Apr 29, 2017: Meeting between Neighborhood Associations and OPD/City Council

Did you know that there are SEVEN different Neighborhood Associations in the Rockridge area of Oakland? And we’re talking security-focused groups that hire patrols, offer security advice, etc., just as URNA does. What does this mean? Well, you probably know already – that our area could use more of a police presence to aid in crime prevention, but that is not the reality now, so we’ve all started efforts to make up the difference. There are a few good signs, and on April 29, URNA and six other Oakland neighborhood patrol groups met this with OPD Deputy Chief Darren Allison, Captain Randy Wingate, Our CRO (Community Resource Officer) Kristine Jurgens, City Council-members Annie Campbell Washington and Abel Guillen, a representative from Dan Kalb’s office (he was traveling), along with Patricia Rose – our NSC (Neighborhood Services Coordinator), to discuss crime trends and ways to improve coordination with OPD.
Some Oakland stats first – Good news/bad news:
The good news is that OPD is budgeted for 797 officers and staffing is currently up to 753 officers. Since Mayor Schaff took office the staffing increased from 600 – 753 officers! Good progress, although some analysis recommends 1200 officers for a city of our size.
The bad news is that Oakland faces significant challenges in its 2017-2019 budget, which projects a $32 million deficit. The budget does include a third police academy to bring staffing up to the authorized number. Other items:

OPD had monthly meetings with security companies in past and we’re looking into re-starting those, likely with a quarterly meeting frequency.
AREA CRIME Stats are available anytime on City web site. Here is the link for AREA 2 stats. (URNA: We are in Area 2 and Police Beat 13X – FYI)

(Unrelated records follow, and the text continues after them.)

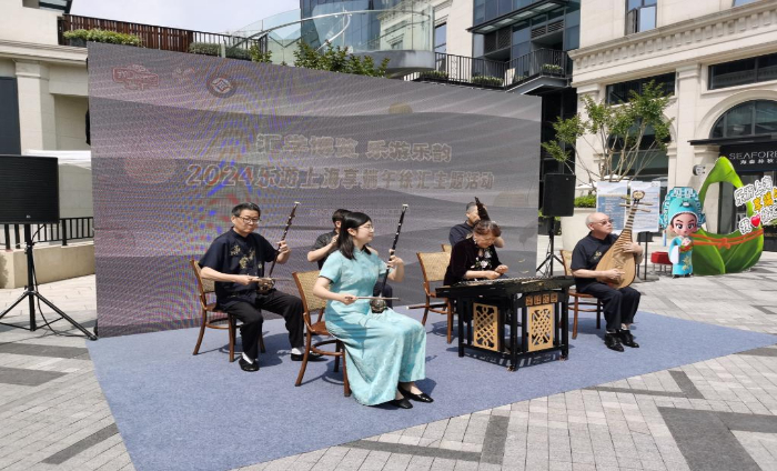 6月8日,非遺項(xiàng)目江南絲竹亮相上海市徐匯區(qū)衡山路8號(hào)廣場(chǎng)空間。新華社記者 陳愛平 攝
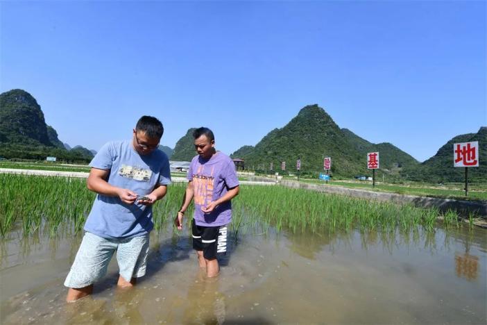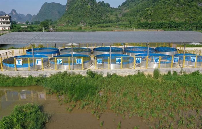 在柳州市柳江区里高镇板六村螺蛳养殖基地,技术人员在查看螺蛳生长情况(2021年6月6日摄)。新华社记者 黄孝邦 摄
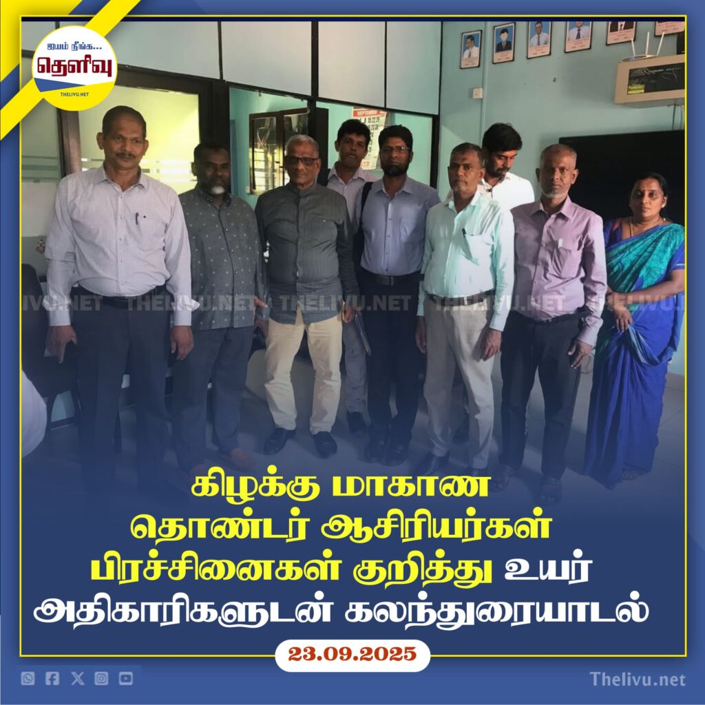 கிழக்கு மாகாணத்தில் பணியாற்றும் தொண்டர் ஆசிரியர்கள் எதிர்நோக்கும் சவால்கள் மற்றும் பிரச்சினைகள் தொடர்பாக நேற்று (22.09.2025) முக்கியமான கலந்துரையாடல் நடைபெற்றது.
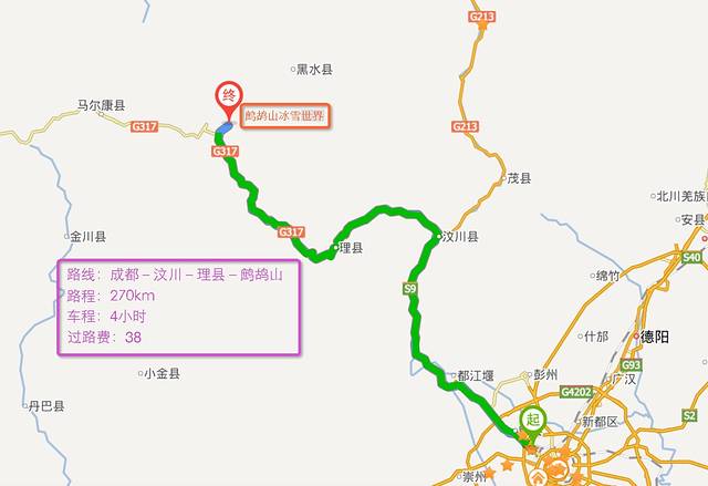 距离成都市区只有270公里的距离,从成都驱车出发,经成灌高速,都汶高速,然后沿着317国道开车4小时就可以抵达鹧鸪山了。
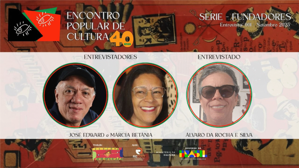 Os entrevistadores José Edward e Márcia Betânia recebem, nesta edição, Álvaro da Rocha e Silva — publicitário, militante de movimentos sociais e ecológicos, e participante orgânico de três Encontros Populares de Cultura, além de colaborar na formatação do quarto EPC.
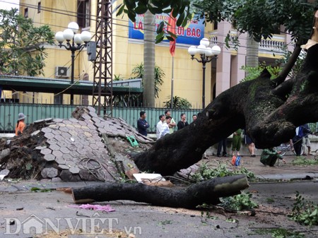 Đêm 28.10, bão số 8 đã ảnh hưởng trực tiếp TP. Hải Phòng làm thiệt hại nghiêm trọng về người và tài sản. Hầu hết các tuyến phố trong nội thành Hải Phòng đều bị cô lập do cây đổ và ngập lụt.

Deputy Chief Allison and Captain Wingate also spoke about:

Citizen home camera video can be very helpful for identifying suspects in crimes! Urged all to use the Oakland CAMERA REGISTRY (click to see info below)
“Ceasefire” efforts focusing on the highest-risk individuals have helped drive down crime in Rockridge and the Oakland hills.
CHANCES OF ANOTHER OFFICER ON BEAT 13: New OPD Chief Kirkpatrick open to looking at the deployment model – in place since 1970s. So, it is possible, but hard to judge…
OPD Priorities: Obvious that they prioritize physical harm or the risk of it in responding to calls. If you call in a crime, make that your priority too. (Example: A robbery will have slower response than a robbery with possible robber on premises, etc.)